Work required »
Taking the line with "YDH- Eski İsrail Başbakanı" as the first, copy every line through the end of the records below exactly. Do not include pictures.

Records from a data collection
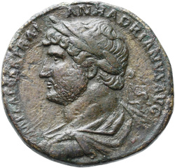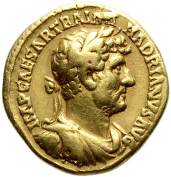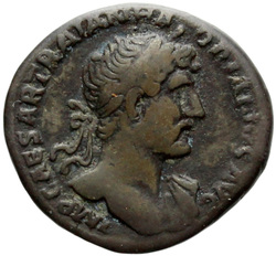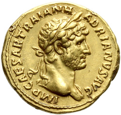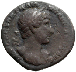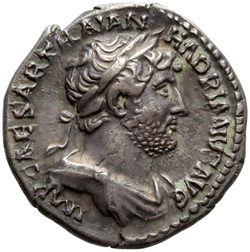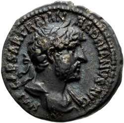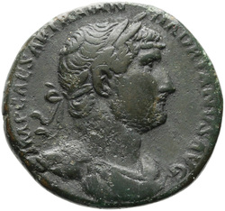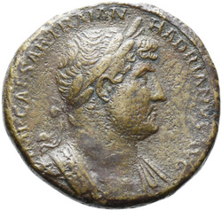 IMP CAESAR TRAIAN HADRIANVS AVG, Bust of Hadrian, laureate, cuirassed, cropped of pteryges, and traces of drapery on far shoulder, right, viewed from front
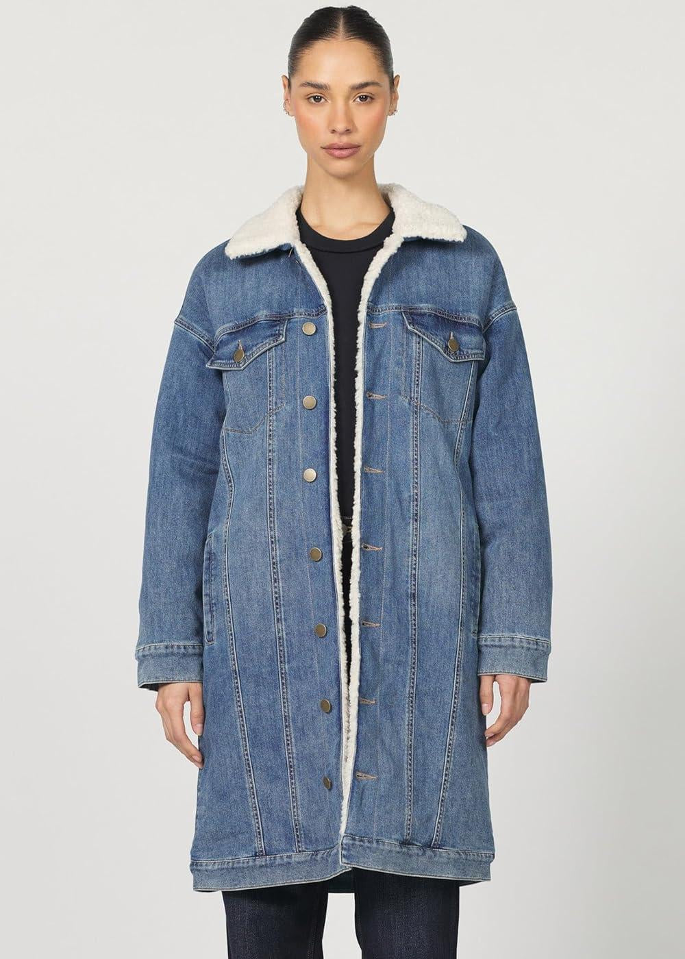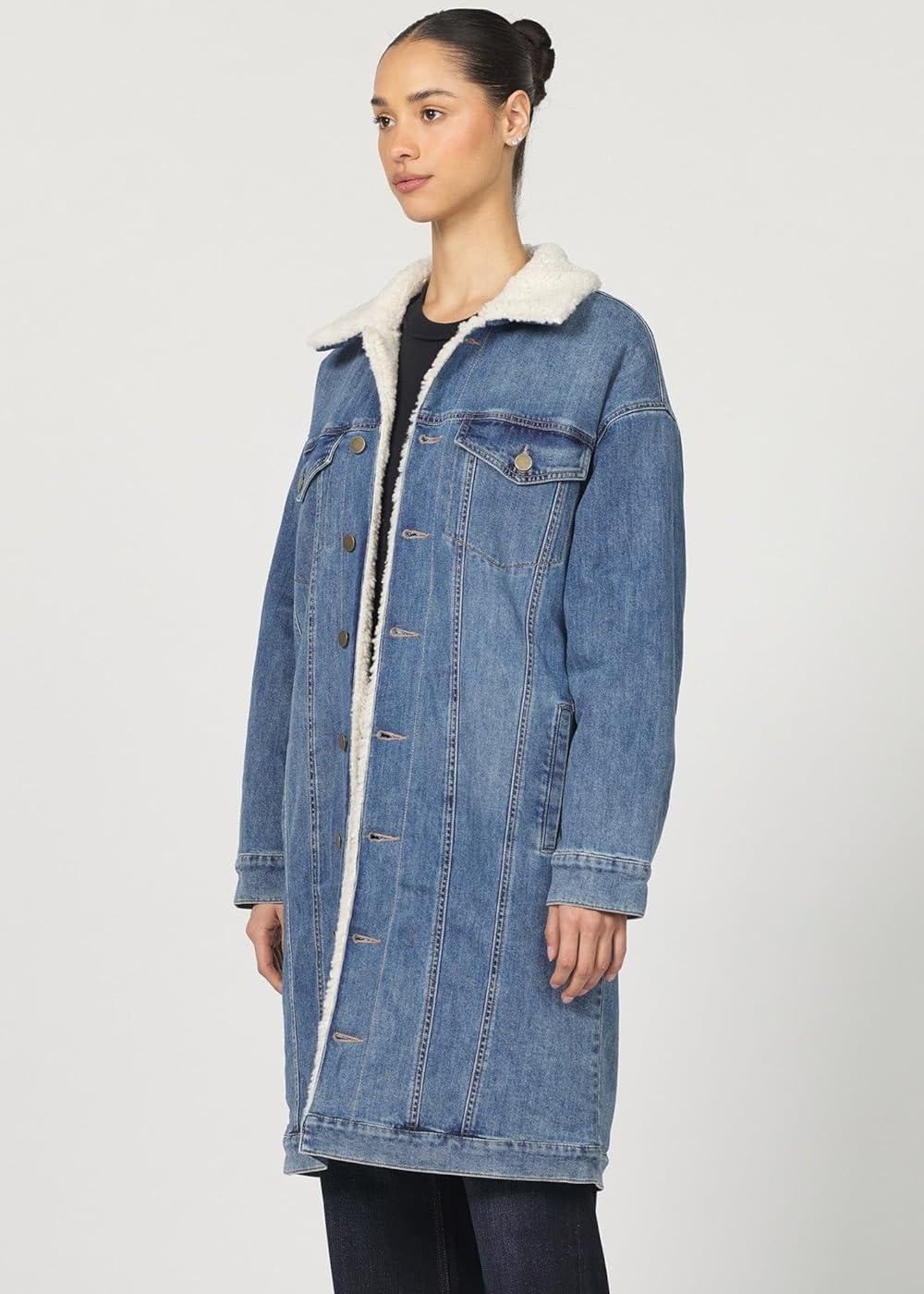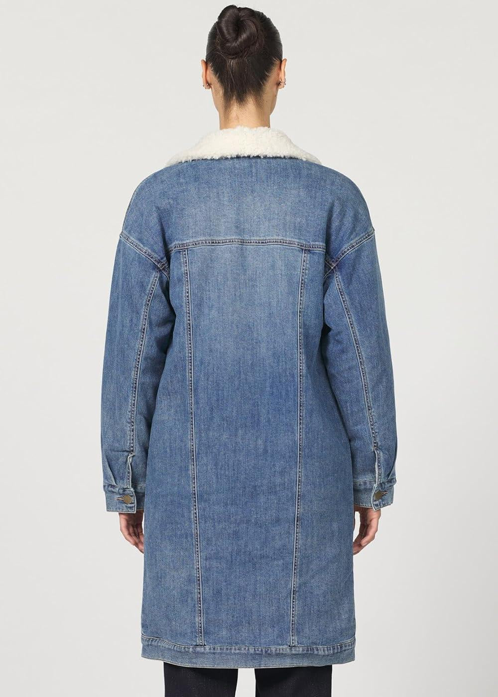 Long Button Front Sherpa Collar Oversized Stretch Denim Coat
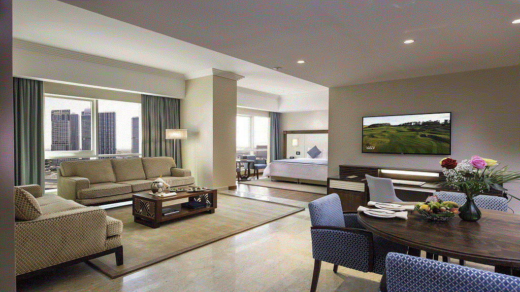 ويضم الفندق إجمالاً 369 غرفة وجناح بطراز "آرت ديكو"، إلى جانب الغرف المزدوجة والملكية، حيث يستعدّ الفندق لاستقبال ضيوفه ضمن 252 غرفة ملكية و72 غرفة مزدوجة و45 جناح فاخر، وتتميز جميع الغرف بتقنيات تكييف الهواء وشبكة إنترنت لاسلكية عالية السرعة وخدمات ذات جودة عالية على مدار اليوم، بالإضافة لشاشة تلفاز مسطحة وخزنة أمانات شخصية وبراد صغير ومكواة وآلة تحضير القهوة في الغرفة ولوح إلكتروني لقياس الوزن، كما تم تجهيز الحمامات بكل متطلبات الإقامة الفاخرة.
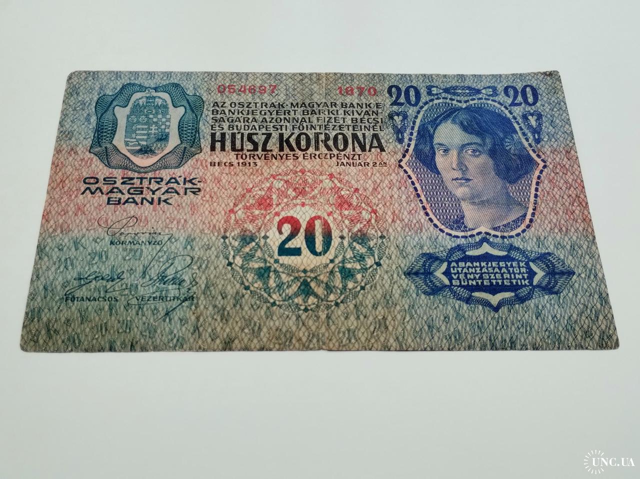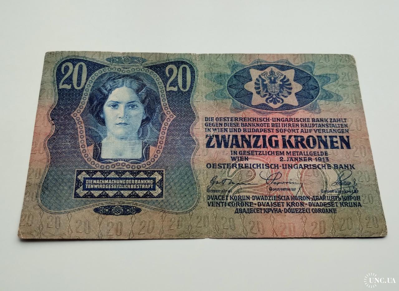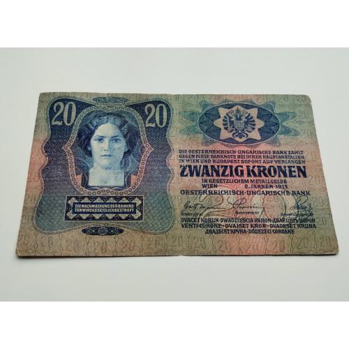 available20 крон 1913 року, Австро-Угорщина, стан банкноти по світлинах.
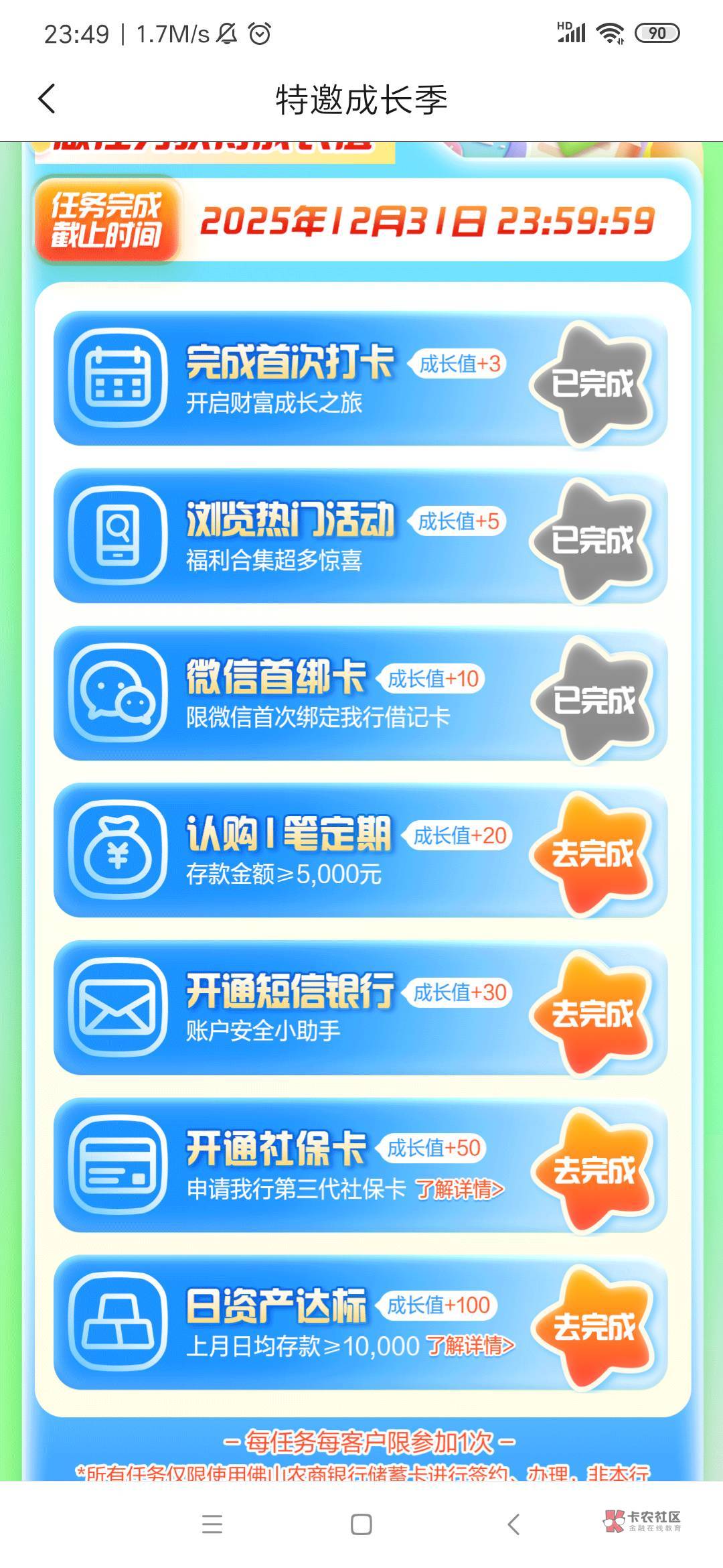 佛山农商银行特邀成长活动 有卡有能力的去吧 我限额1000就不做了 连个5毛都换不到
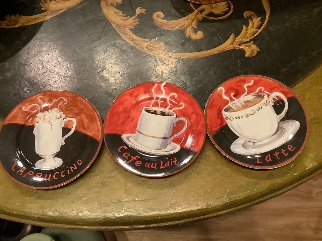 3 decorative coffee plates
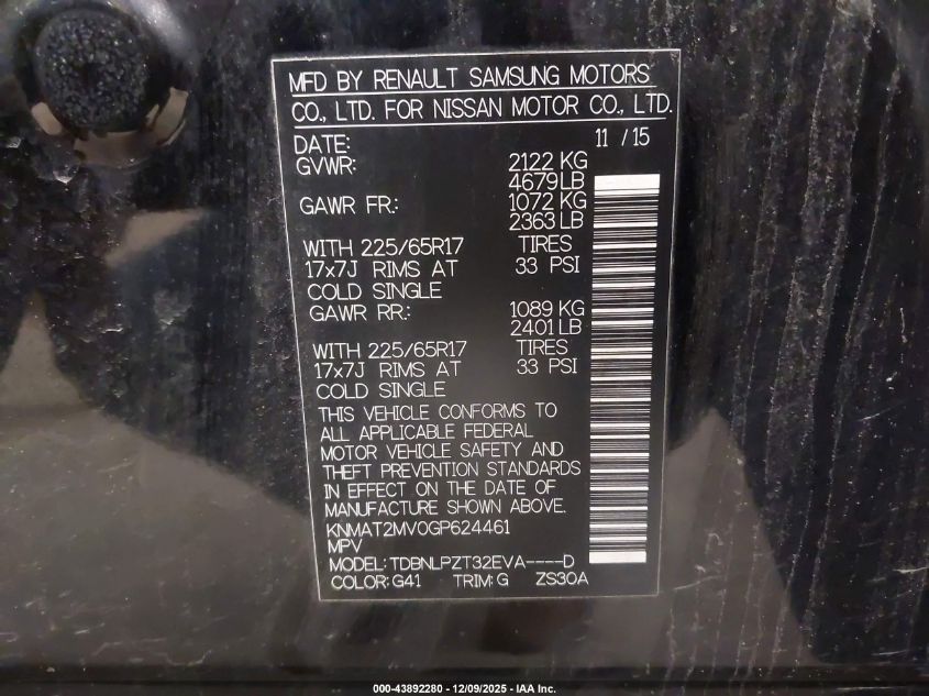2016 NISSAN ROGUE 2016 року Бензин, 2.5, Повний привід, vin - KNMAT2MV0GP624461 з США
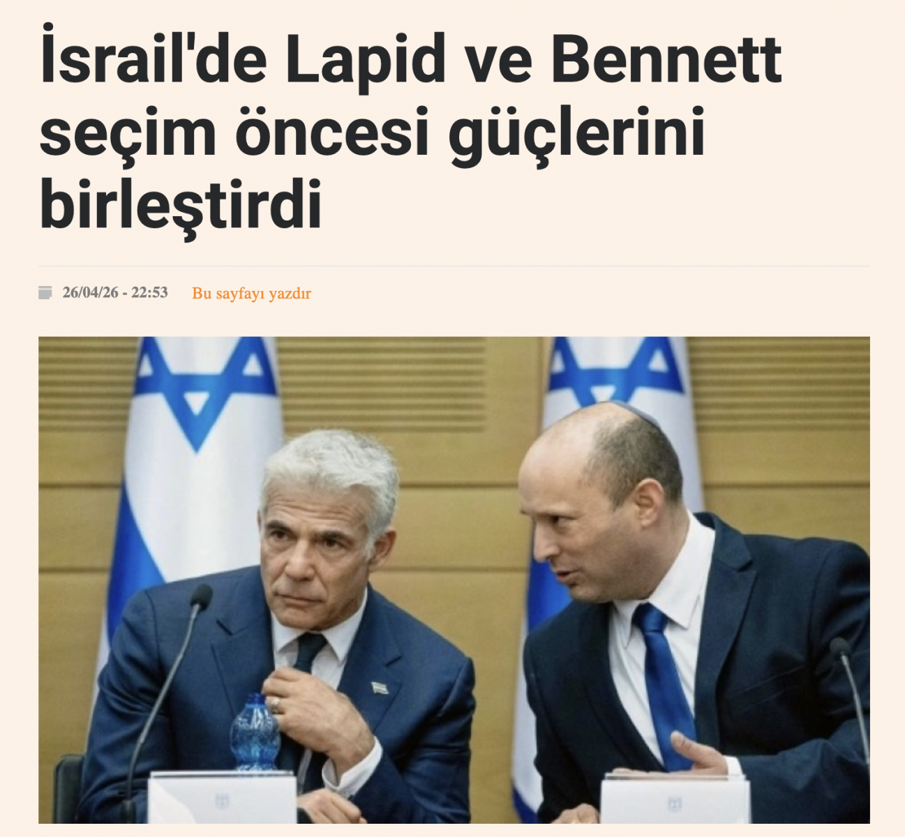 YDH- Eski İsrail Başbakanı Naftali Bennett ve Yesh Atid lideri Yair Lapid, seçimlere henüz altı ay varken siyaset sahnesini hareketlendiren sürpriz bir ittifak kararı aldı.
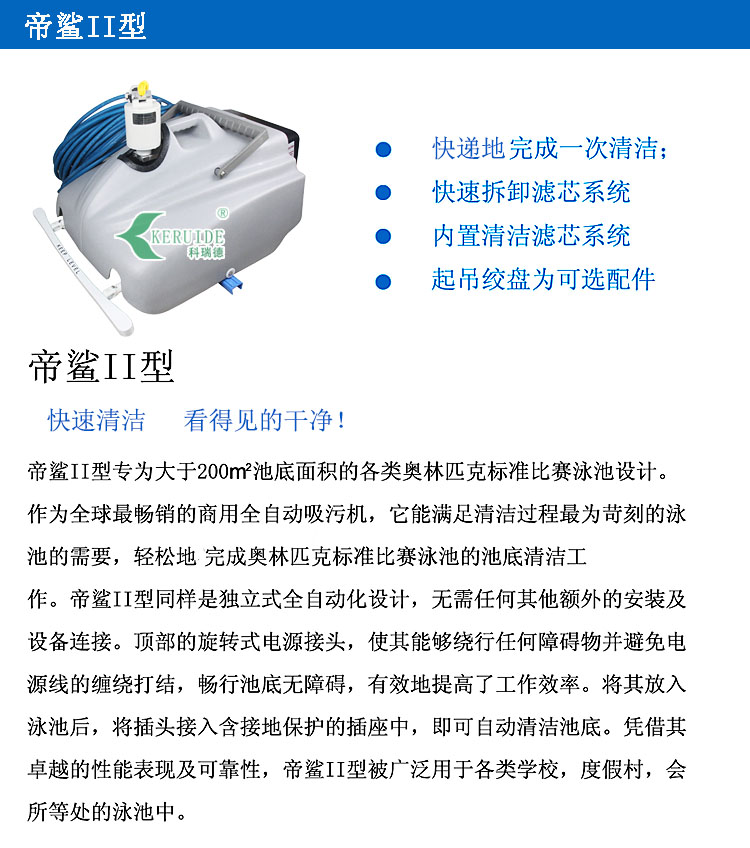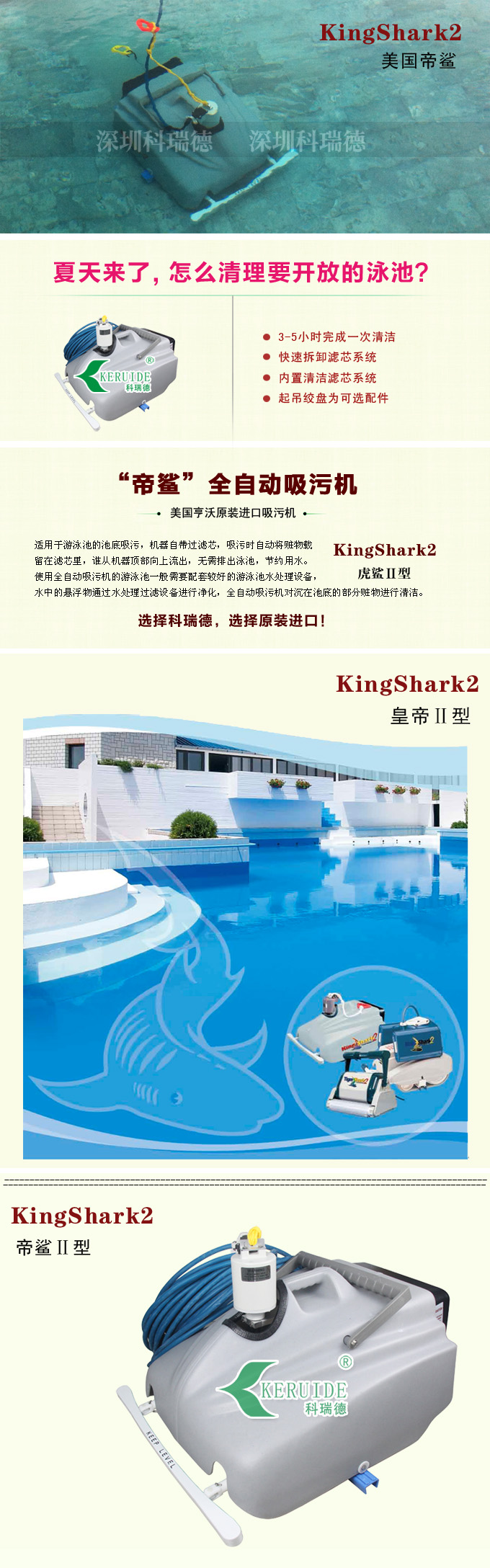 優點:鯊魚系列皇帝型吸污機,又稱帝鯊2型游泳池清洗器,不爬墻,是美國亨沃公司制造的。帝鯊吸污機能清洗標準要求高的游泳池,它是全自動吸污機,游泳池工作者不需要做任何操作,直接把它放入泳池,看著就行,使復雜的清洗工作變得簡單。帝鯊全自動吸污機是一種完全自動的自成一體的獨立設備,自身擁有過濾紙芯,游泳池雜物通過過濾紙芯過濾收集,不需接上軟管或任何特殊過濾器件。吸污快速且高效,它可以在5小時內清洗完一個運規格的標準泳池。當吸污完成后,我們把它的過濾紙芯拆卸下來,易清洗。帝鯊吸污機堅固耐用,它能夠承擔很繁重的作業。所以帝鯊全自動吸污機是一款可靠、實用的吸污機,值得買家信賴。

Answer to this task »
 YDH- Eski İsrail Başbakanı Naftali Bennett ve Yesh Atid lideri Yair Lapid, seçimlere henüz altı ay varken siyaset sahnesini hareketlendiren sürpriz bir ittifak kararı aldı.
 優點:鯊魚系列皇帝型吸污機,又稱帝鯊2型游泳池清洗器,不爬墻,是美國亨沃公司制造的。帝鯊吸污機能清洗標準要求高的游泳池,它是全自動吸污機,游泳池工作者不需要做任何操作,直接把它放入泳池,看著就行,使復雜的清洗工作變得簡單。帝鯊全自動吸污機是一種完全自動的自成一體的獨立設備,自身擁有過濾紙芯,游泳池雜物通過過濾紙芯過濾收集,不需接上軟管或任何特殊過濾器件。吸污快速且高效,它可以在5小時內清洗完一個運規格的標準泳池。當吸污完成后,我們把它的過濾紙芯拆卸下來,易清洗。帝鯊吸污機堅固耐用,它能夠承擔很繁重的作業。所以帝鯊全自動吸污機是一款可靠、實用的吸污機,值得買家信賴。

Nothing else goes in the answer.